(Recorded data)
━━━━

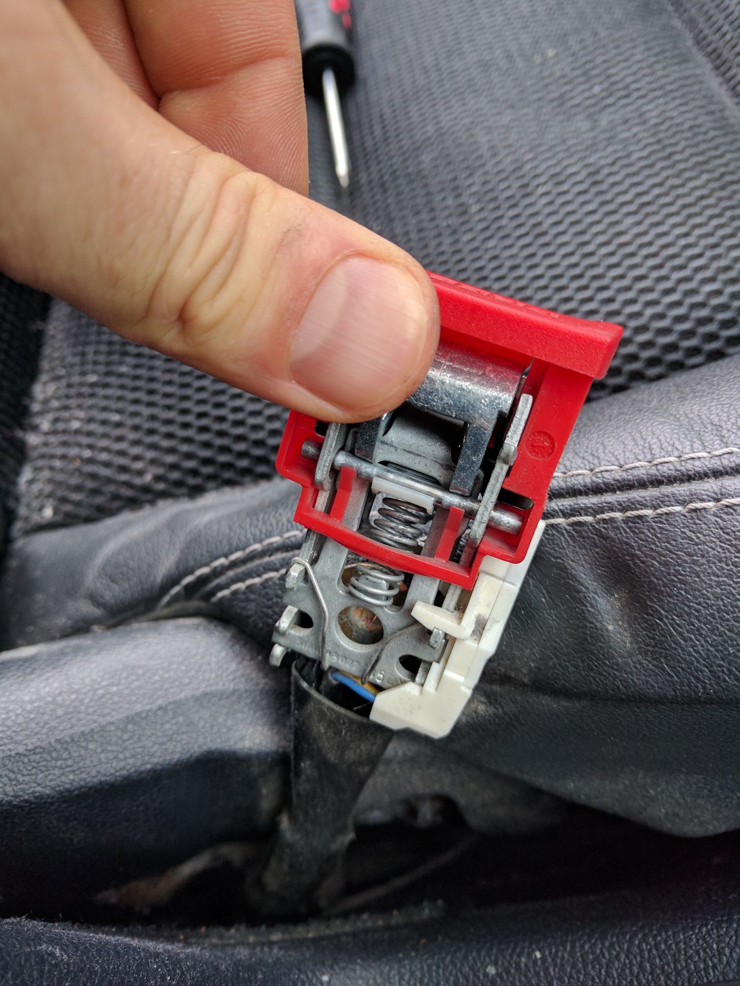 Разъёмный элемент конструкции точки крепежа обеспечивает удобное расположение лямок ремня безопасности. Принцип работы прост – металлический язычок с отверстием, крепящийся на ремне, вставляется в замочное отверстие и фиксируется штифтом, чтобы застегнуть конструкцию.На корпусе замка располагается кнопка, с помощью которой осуществляется втягивание штифта и происходит разъединение элементов.
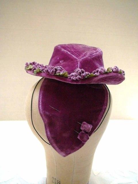 Burgundy velvet tilt doll hat with chenille flowers, velvet tipped hat pins and matching purse and coin purse
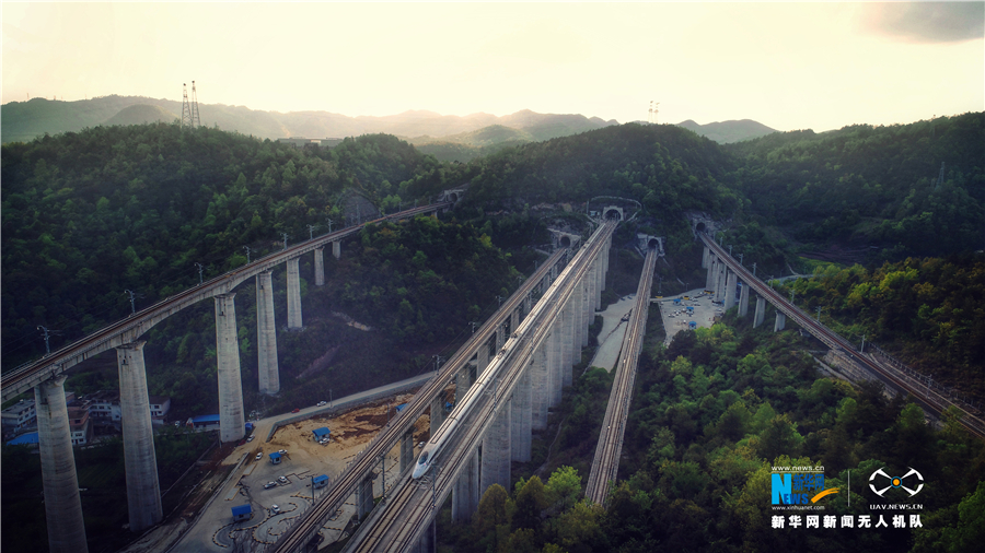 貴州省地處中國西南腹地,全省高原山地居多,因此高鐵建設(shè)的橋隧占比較高。在貴陽市烏當(dāng)區(qū)新添寨,高鐵滬昆線、貴廣客運專線、貴開城際客運專線的隧道和橋梁交織在一起,形成“五洞五橋”并行,形似“五龍出海”的壯觀景象(3月29日攝)。新華網(wǎng)盧志佳 攝
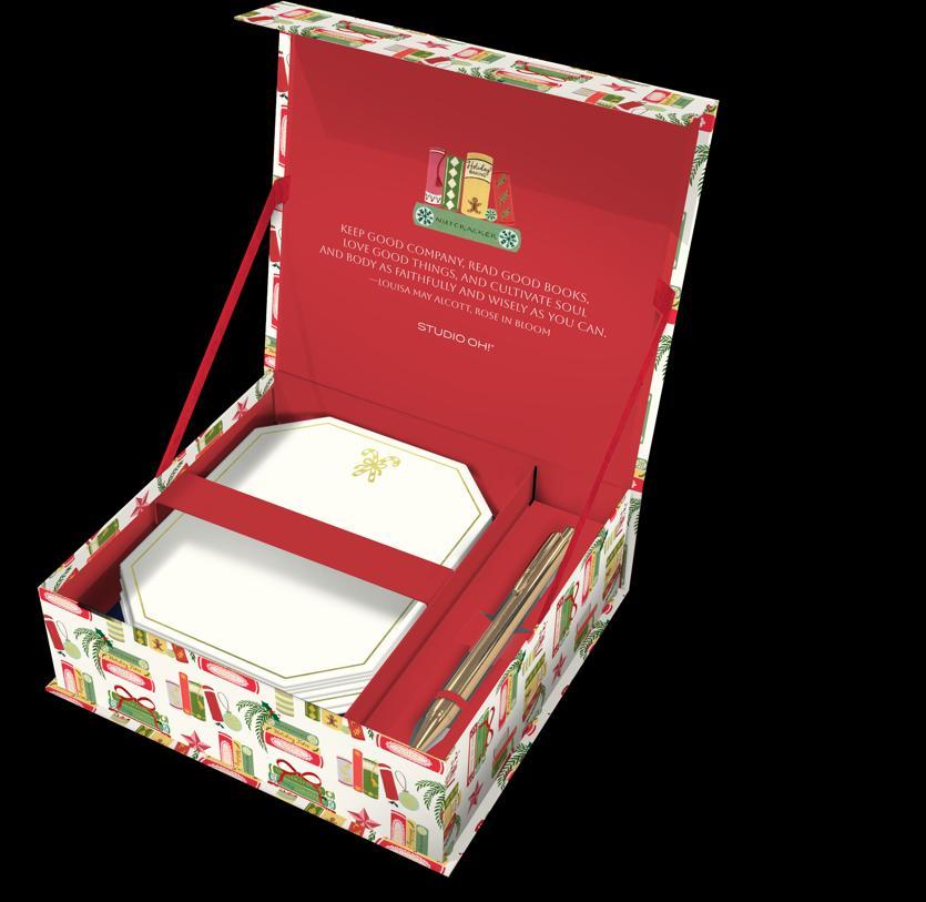 Set of 12 note cards, 12 envelopes, 12 embossed sticker seals, and 1 black ink pen
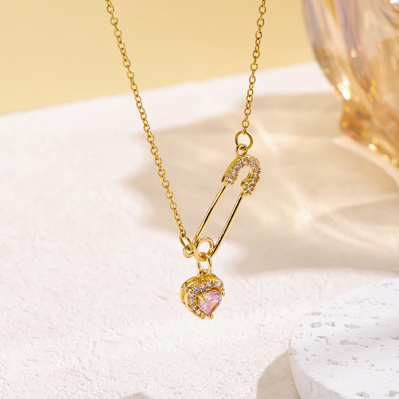 Love Diamond Pin Necklace for Women, Sweet and Cool Style, Niche, High-End, Sweet and Super Flash Clavicle Chain, Pink Water Drop
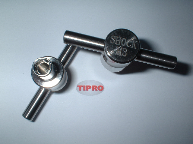 TIPRO are manufacturing a series of tools by Titanium (Ti-6Al-4V ASTM GR5) like metric M3 wrench keys, metric M4 wheel keys for HPI, Tamiya, Kyosho, Yokomo, Schumacher , etc. toy and racing cars. Titanium Bistouries Hilt made by Titanium Grade-23 Medical Implant materials
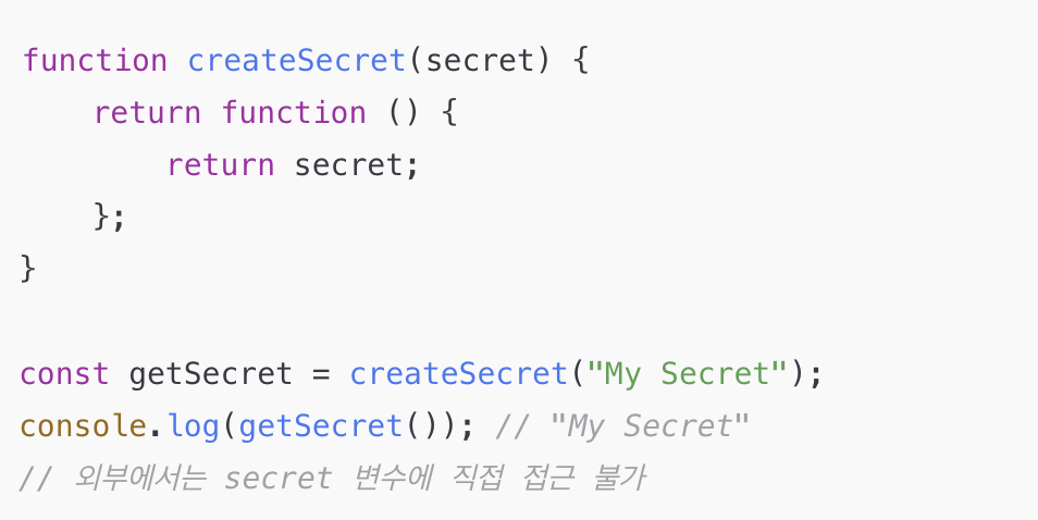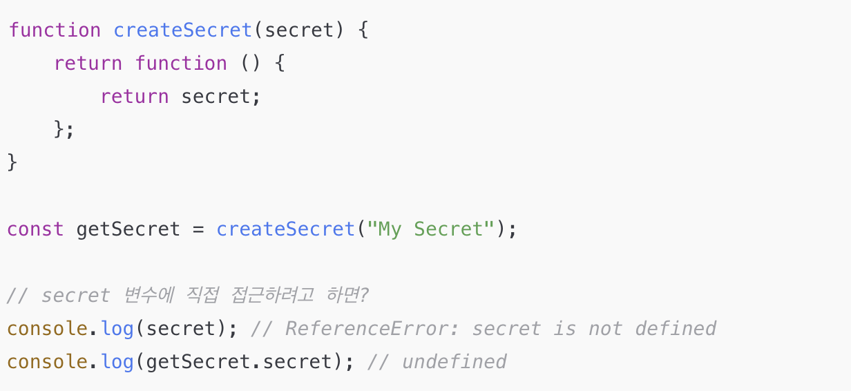 이렇게 함으로써, secret은 함수 내부에 선언된 로컬 변수이기에 외부에서 접근이 불가하다!
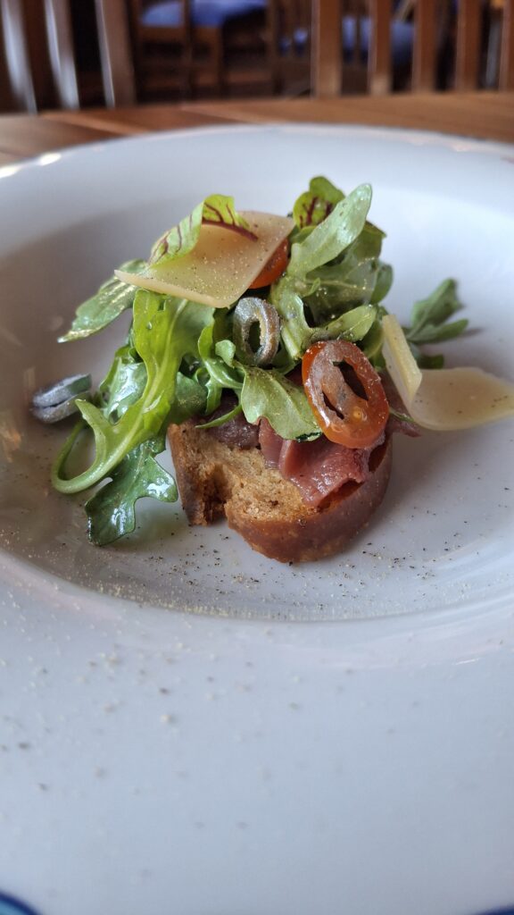 Cuarto tiempo: Bruschetta de carpaccio de res al olivo y parmesano, acompañada de Michel Torino, Cabernet Sauvignon, Argentina.
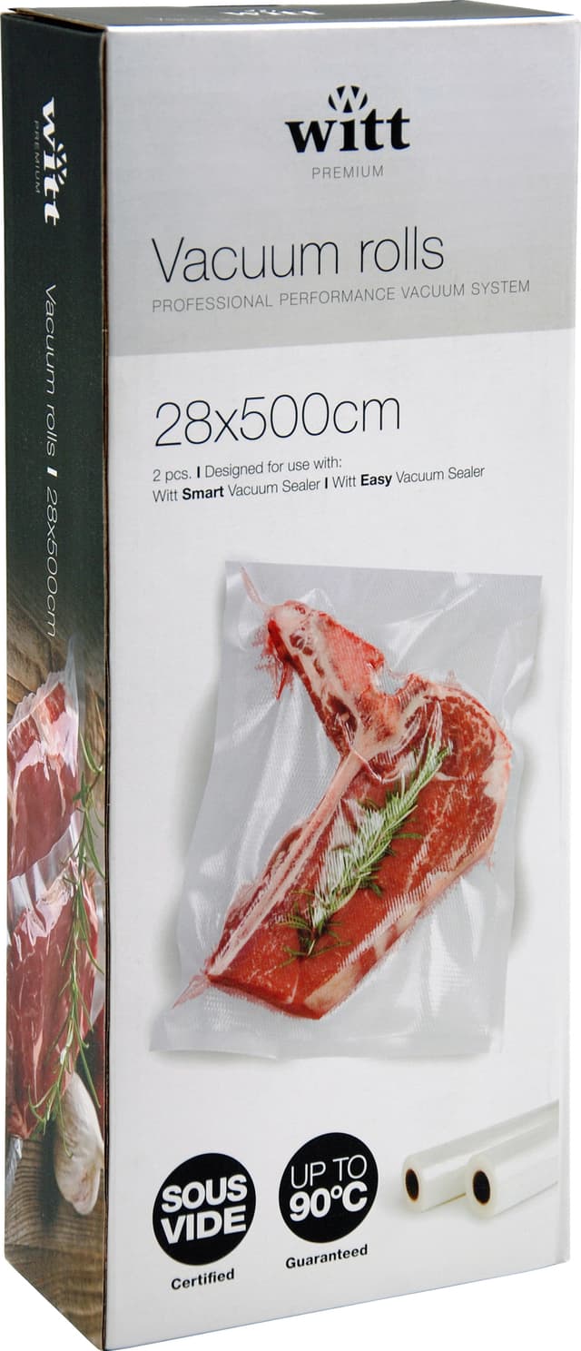 Hold din mad frisk i længere tid takket være disse Witt Premium vakuumforseglingsposer 62650005. Poserne er velegnede til opbevaring af mad og madlavning med sous vide-teknik. Pakken indeholder 2 store 28x500 cm poser.Læs mere om produktet
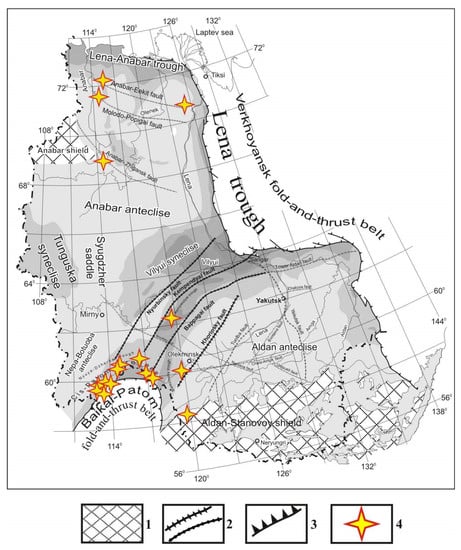 The confinedness of the Meso-Cenozoic tectonic-magmatic activation to these paleorifts is argumentatively proved in the works of V.I. Timofeev [] and V.A. Mikhailov []. Indeed, the Tabasyndskaya anticline and 12 small folds formed due to the impact of the Mesozoic tectonic-magmatic activation were identified in the zone of the Kempendyai dislocations (Vilyui paleorift).

━━━━

Task to complete:
Print the data above exactly, from its first line to the line bearing "Burgundy velvet tilt" inclusive, and keep pictures out of the result.

Solution:
 Разъёмный элемент конструкции точки крепежа обеспечивает удобное расположение лямок ремня безопасности. Принцип работы прост – металлический язычок с отверстием, крепящийся на ремне, вставляется в замочное отверстие и фиксируется штифтом, чтобы застегнуть конструкцию.На корпусе замка располагается кнопка, с помощью которой осуществляется втягивание штифта и происходит разъединение элементов.
 Burgundy velvet tilt doll hat with chenille flowers, velvet tipped hat pins and matching purse and coin purse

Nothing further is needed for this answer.